In many cases corporate boards have a hard time removing directors that have been at the company for a long time but no longer have the skill set needed to meet the latest challenges facing the company. Activists argue they can come in and become a catalyst to help boards bring in the new directors they need, especially when corporations are uncomfortable about asking people who have provided such long service to leave.
Anne Sheehan, governance chief at the California State Teachers' Retirement System, or CalSTRS, points out that many corporate boards have set up retirement ages in their bylaws, which she said could be good or bad. "Sometimes you can lose good people or it can be used to move people along that need to move on," she told a gathering of the Council of Institutional Investors in February.
In addition, she put a spotlight on a General Electric (GE) board policy that she thought was "sort of revolutionary" that sets a board tenure limit of 15 years for all directors except the CEO. John Brennan, GE's lead independent director, told the gathering that the limit helps to make sure individuals with the proper skill sets continue to be in place to meet changing needs. "The challenge in a place like GE is you need to understand the big business issues and then you want people on the board with digital experience, or healthcare experience or manufacturing experience," Brennan said. "It's an ongoing project."
Brennan said the limits help create age and "cognitive" diversity in the boardroom. "A 45 year old tech leader thinks differently than a 65 year old financial guy," he said. "That is one of the great appeals of term limits. It's nice to have different generations in the boardroom."
A 2016 study by SpencerStuart, an executive search firm, reports that 73% of S&P 500 boards have set a mandatory retirement age for directors, and that a little under half of those have it set it at age 72. The study noted that setting the retirement age at 75 is a trend that has accelerated in recent years, with 39% of boards having putting their cap at that level or higher, compared with 20% in 2011.

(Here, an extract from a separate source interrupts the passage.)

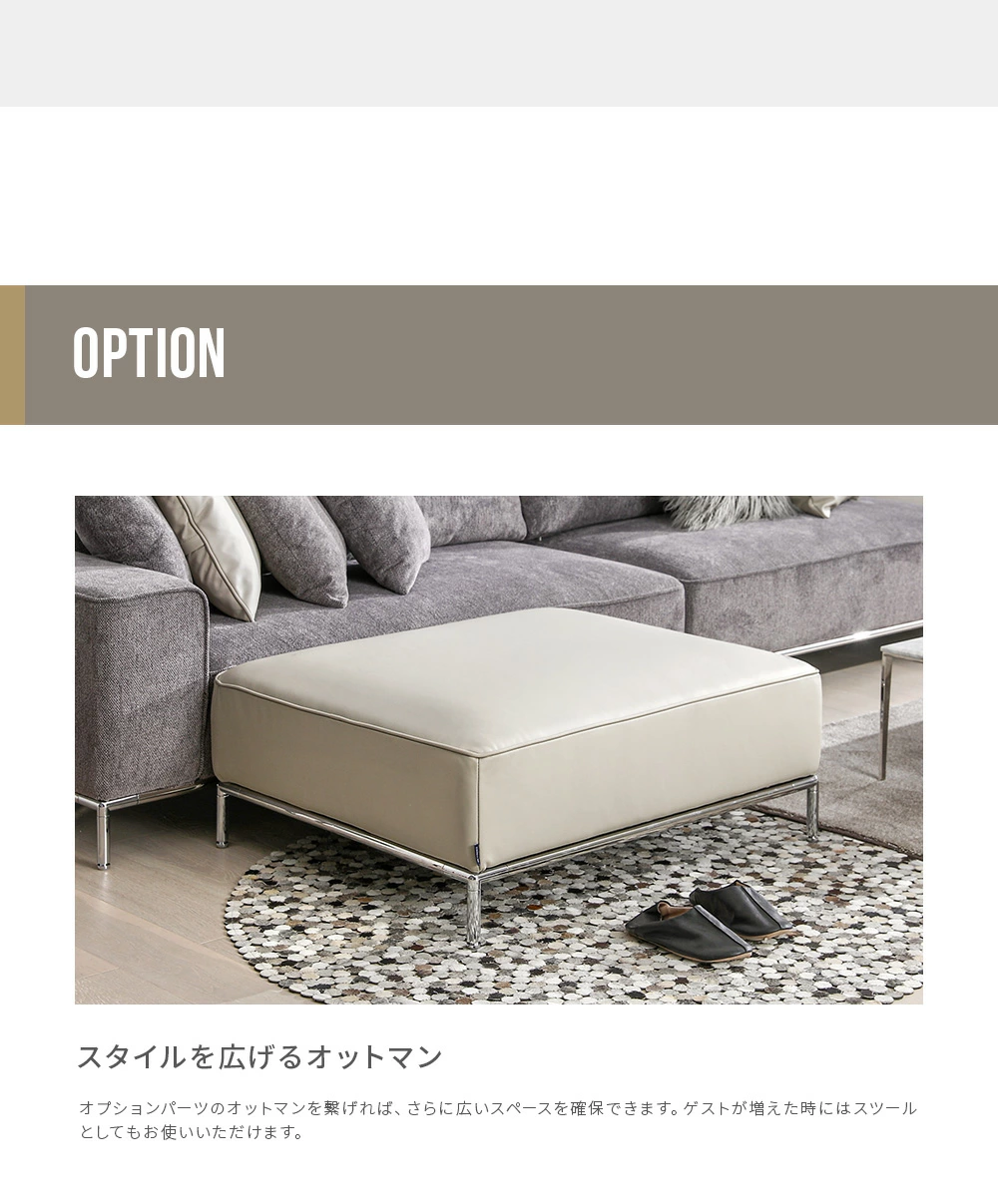 新品の美しさを楽しめる替えカバーに、あらゆるレイアウトを可能にするオットマン。オプションを取り揃えました。

A look at the oldest and youngest boards reveals a cross-section of corporate America. Among the oldest boards in the U.S. include CBS Corp. (CBS), Kinder Morgan Inc. (KMI), and M&T Bank Corp. (MTB), according to BoardEx. CBS has 11 members over the age of 70, four of which are over 80 years old, Kinder Morgan has ten members over 70 and M&T has nine. The Oracle of Omaha, Warren Buffett, 86, is one of five members at stellar performer Berkshire Hathaway (BRK.A) who is over the age of 80. (Charlie Munger is 93). And Costco Wholesale Corp. (COST) has four members over 80, including two over 90.
Alternatively, the three youngest boards, according to BoardEx, are Tripadvisor Inc. (TRIP), with an average age of 49.9, Facebook (FB), 50 and Coach Inc. (COH), 53.
For now, however, activists will target underperforming boards with over-tenured, older directors. But as with Berkshire Hathaway, not all older, long-tenured boards, make good activist targets.
In fact, Jackson, formerly of activist fund SpringOwl and a key investor critic of Viacom's board, takes issue with corporations that set up age limits, arguing that it is very hard to "legislate" good governance.
"We can create easy to define rules like 'no directors over the age of 80' but the truth is that can't get at the dynamic of a discussion in a room," Jackson said. "Some 80-year-olds could stay on some boards another 10 years. Some 60-year-olds are checked out."